The WYHTE phenomenon
explains why a farmer and a young district attorney can have a $40,000
difference in take-home income but the same outwardly observable standard of
living. Living a mile away from town, the farmer grows his own garden, paints
his own fence, makes his truck last 15 years, etc. By doing so, he is able to
have the same standard of living on $20,000 a year as the young attorney who makes
$60,000 in the county seat.
Likewise,
you might observe a young family with three, four or even five children, where
the father is a bus driver and somehow they manage to make ends meet. Yet,
another family with only one child and both spouses earning $80,000 a year is
somehow just living paycheck to paycheck. The first family buys bulk and
probably cooks from scratch, while the second family struggles.
On
occasion, a client will tell me, “Well, I don’t like the WYHTE phenomenon, so I
don’t want to do that,” as though it is a recommendation within a financial
plan. Whether you like it or not, the WYHTE phenomenon impacts every financial
decision that we make-only when we
know the truth are we free to make correct decisions.
The way our tax system works-since 1913
In 1913, the states ratified a new constitutional
amendment that would forever affect future generations of wage-earners.
That
amendment gave the US
government the power to tax our income.
Chief
Justice John Marshall of the US Supreme Court had denounced such taxation almost
a century earlier, claiming: “The power to tax involves the power to
destroy.” What did he mean? He meant
that we are in bondage to the extent that we are taxed.

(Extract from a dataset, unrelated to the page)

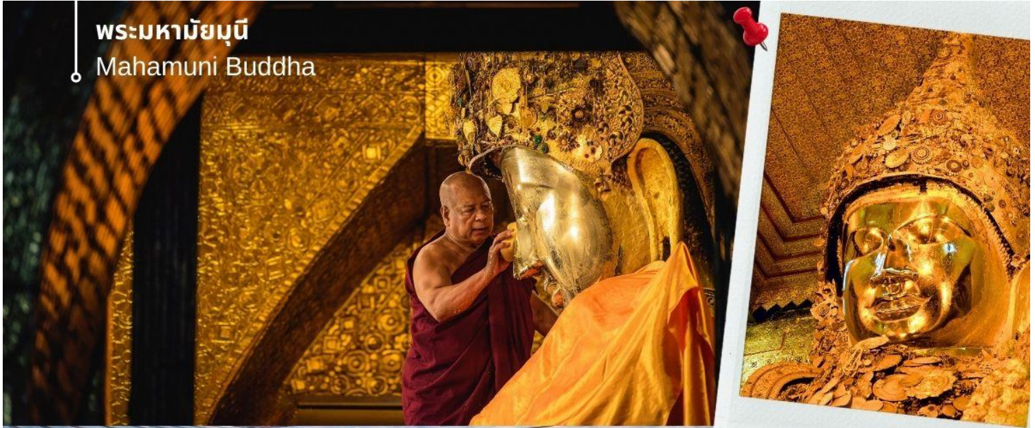
พระมหาามัยมูณี Mahamuni Buddha

เป็นพระพุทธรูปที่มีชีวิต ด้วยเหตุที่ได้รับประทานพร หรือบางตำนานก็กล่าวว่าได้รับประทานลมหายใจจากพระพุทธเจ้า จึงมีประเพณีล้างพระพักตร์ถวายโดยทุกเช้าในเวลาประมาณ 04.00 น. พระมหาเถระและสาธุชนทั่วไปที่ศรัทธาจะมาทำพิธีล้างพระพักตร์ด้วยน้ำอบน้ำหอมผสมทานาคาอย่างดี พร้อมกับใช้แปรงทองแปรงที่พระโอษฐ์เสมือนหนึ่งแปรงพระทนต์ถวายพระพุทธเจ้า ก่อนใช้ผ้าจากศรัทธาสาธุชนที่ถวายมาเช็ดจนแห้งสนิท แล้วนำกลับคืนแก่สาธุชนผู้นั้นไปบูชาต่อ พร้อมใช้พัดทองโบกถวายเป็นอันดี เสมือนหนึ่งได้อุปัฏฐากองค์สมเด็จพระสัมมาสัมพุทธเจ้าที่ยังทรงพระชนมชีพอยู่ พระมหาามัยมูณีมีอีกพระนามหนึ่งว่า "พระเนื้อนุ่ม" ซึ่งเกิดจากการปิดทองซ้ำแล้วซ้ำอีกจนเป็นรอยย่นตะปุ่มตะป่ำไปทั่วทั้งองค์ ซึ่งหากเอานิ้วกดลงไปจะรู้สึกได้ถึงความอ่อนนุ่มของทองคำเปลวที่ปิดทับซ้อนกันนับเป็นพัน ๆ หมื่น ๆ ชั้น สมควรแก่เวลานำท่านเดินทางกลับเข้าสู่ที่พัก

What many people often
do not realize is that we don’t work for ourselves. We have a lien on our income, and we don’t
work for ourselves until that lien is satisfied in full.
That
lien, simply put, is money owed to the IRS in taxes.
People
will often come into my office and insist that they are completely out of
debt. To prove their point, they will
show me a balance sheet with no liabilities. Yet, I’ll observe they have a
closely-held business interest in which their basis as almost nothing and has
appreciated to $1 million or more. Or, they might have some highly appreciated
stocks, bonds, mutual funds, real estate, investment portfolios, and IRA, a
pension plan, or a 401(k) plan. And they either don’t understand or they forget
that there is a lien on all of those assets. They don’t truly own those assets,
nor can they do anything with those assets-consume them, spend them, or even
pass them on to their heirs- until that lien is met.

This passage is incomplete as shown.